How to complete this task –
Tally how many lines in this material contain the word "your", and reply only with the count.

Records provided –
☆ ☆ ☆ ☆ ☆ ☆ ☆
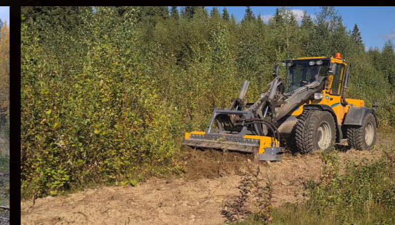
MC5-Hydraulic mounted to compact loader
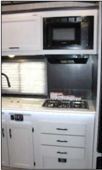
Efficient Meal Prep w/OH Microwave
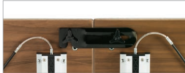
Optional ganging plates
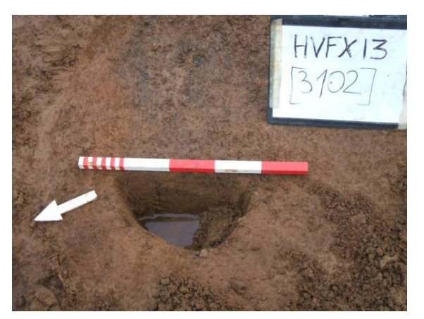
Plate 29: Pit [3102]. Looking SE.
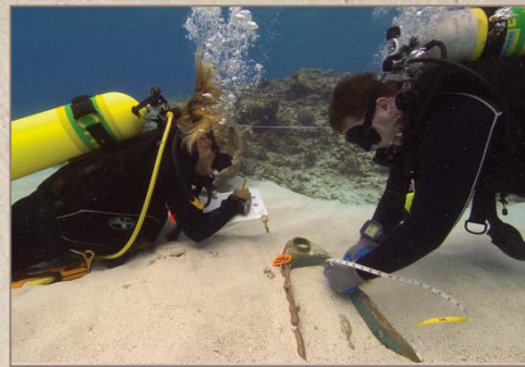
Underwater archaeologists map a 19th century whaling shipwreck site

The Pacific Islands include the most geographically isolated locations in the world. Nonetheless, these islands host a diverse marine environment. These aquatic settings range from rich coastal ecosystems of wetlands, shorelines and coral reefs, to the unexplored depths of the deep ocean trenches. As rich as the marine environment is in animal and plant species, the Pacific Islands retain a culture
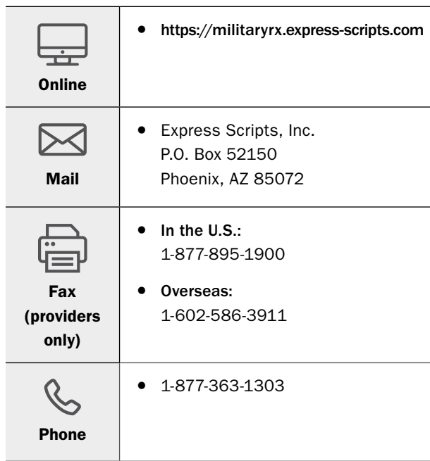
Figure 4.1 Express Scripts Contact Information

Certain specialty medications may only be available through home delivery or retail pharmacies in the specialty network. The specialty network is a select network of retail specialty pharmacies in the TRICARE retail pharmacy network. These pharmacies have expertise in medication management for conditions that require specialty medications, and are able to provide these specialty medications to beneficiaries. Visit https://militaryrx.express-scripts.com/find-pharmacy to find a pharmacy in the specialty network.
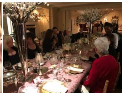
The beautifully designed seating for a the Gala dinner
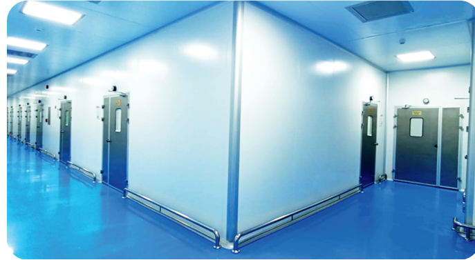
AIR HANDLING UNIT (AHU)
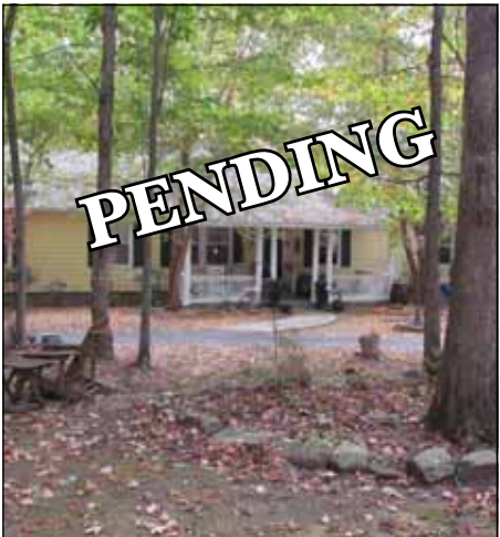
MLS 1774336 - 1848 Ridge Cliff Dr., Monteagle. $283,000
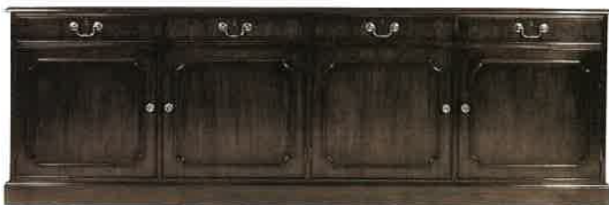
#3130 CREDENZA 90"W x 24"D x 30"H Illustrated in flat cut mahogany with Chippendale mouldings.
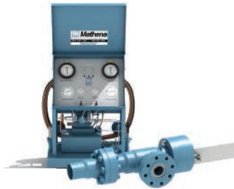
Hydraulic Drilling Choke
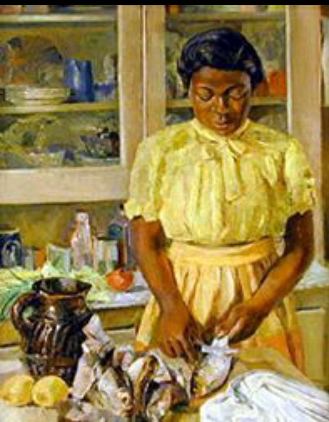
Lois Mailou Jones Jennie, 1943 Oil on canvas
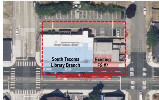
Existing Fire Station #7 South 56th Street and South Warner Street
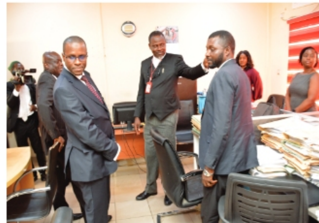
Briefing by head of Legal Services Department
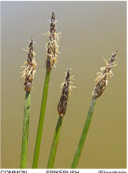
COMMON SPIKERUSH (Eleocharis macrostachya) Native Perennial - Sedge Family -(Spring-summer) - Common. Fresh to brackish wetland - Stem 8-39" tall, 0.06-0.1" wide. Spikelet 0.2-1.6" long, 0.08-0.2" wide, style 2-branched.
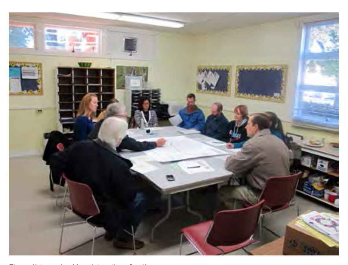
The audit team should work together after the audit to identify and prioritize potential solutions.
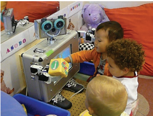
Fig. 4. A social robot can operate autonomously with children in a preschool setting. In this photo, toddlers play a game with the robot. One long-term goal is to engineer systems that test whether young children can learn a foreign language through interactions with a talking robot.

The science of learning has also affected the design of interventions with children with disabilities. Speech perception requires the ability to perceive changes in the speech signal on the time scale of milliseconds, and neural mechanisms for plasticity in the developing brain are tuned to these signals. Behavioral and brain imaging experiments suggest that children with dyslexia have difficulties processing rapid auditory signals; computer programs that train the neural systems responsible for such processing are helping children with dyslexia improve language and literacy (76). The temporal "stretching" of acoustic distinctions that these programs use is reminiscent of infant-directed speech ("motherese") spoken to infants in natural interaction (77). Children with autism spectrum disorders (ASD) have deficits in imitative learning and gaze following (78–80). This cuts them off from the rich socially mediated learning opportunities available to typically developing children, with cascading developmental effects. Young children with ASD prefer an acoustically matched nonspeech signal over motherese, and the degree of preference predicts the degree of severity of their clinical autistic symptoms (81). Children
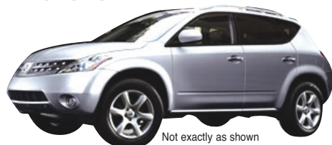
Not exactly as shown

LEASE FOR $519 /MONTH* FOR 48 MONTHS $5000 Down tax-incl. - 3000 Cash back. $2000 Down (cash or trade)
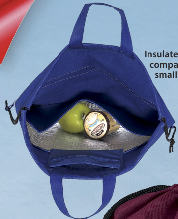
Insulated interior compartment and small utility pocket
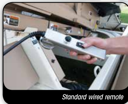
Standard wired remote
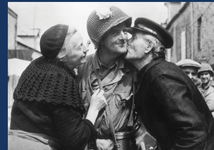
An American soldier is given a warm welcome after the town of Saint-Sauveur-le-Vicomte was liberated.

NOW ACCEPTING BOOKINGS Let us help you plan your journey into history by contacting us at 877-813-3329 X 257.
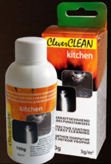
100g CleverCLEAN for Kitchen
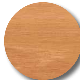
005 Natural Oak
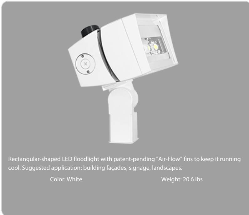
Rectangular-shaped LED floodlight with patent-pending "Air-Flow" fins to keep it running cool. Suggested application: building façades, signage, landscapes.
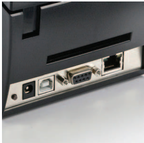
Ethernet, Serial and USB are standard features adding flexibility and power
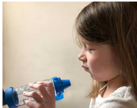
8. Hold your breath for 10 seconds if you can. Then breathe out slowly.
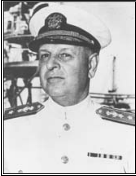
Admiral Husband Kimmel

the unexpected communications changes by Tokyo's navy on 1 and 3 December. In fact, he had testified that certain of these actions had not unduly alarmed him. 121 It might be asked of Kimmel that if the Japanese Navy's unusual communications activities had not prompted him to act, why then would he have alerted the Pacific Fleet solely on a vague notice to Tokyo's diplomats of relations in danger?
☆ ☆ ☆ ☆ ☆ ☆ ☆
Exercise response –
2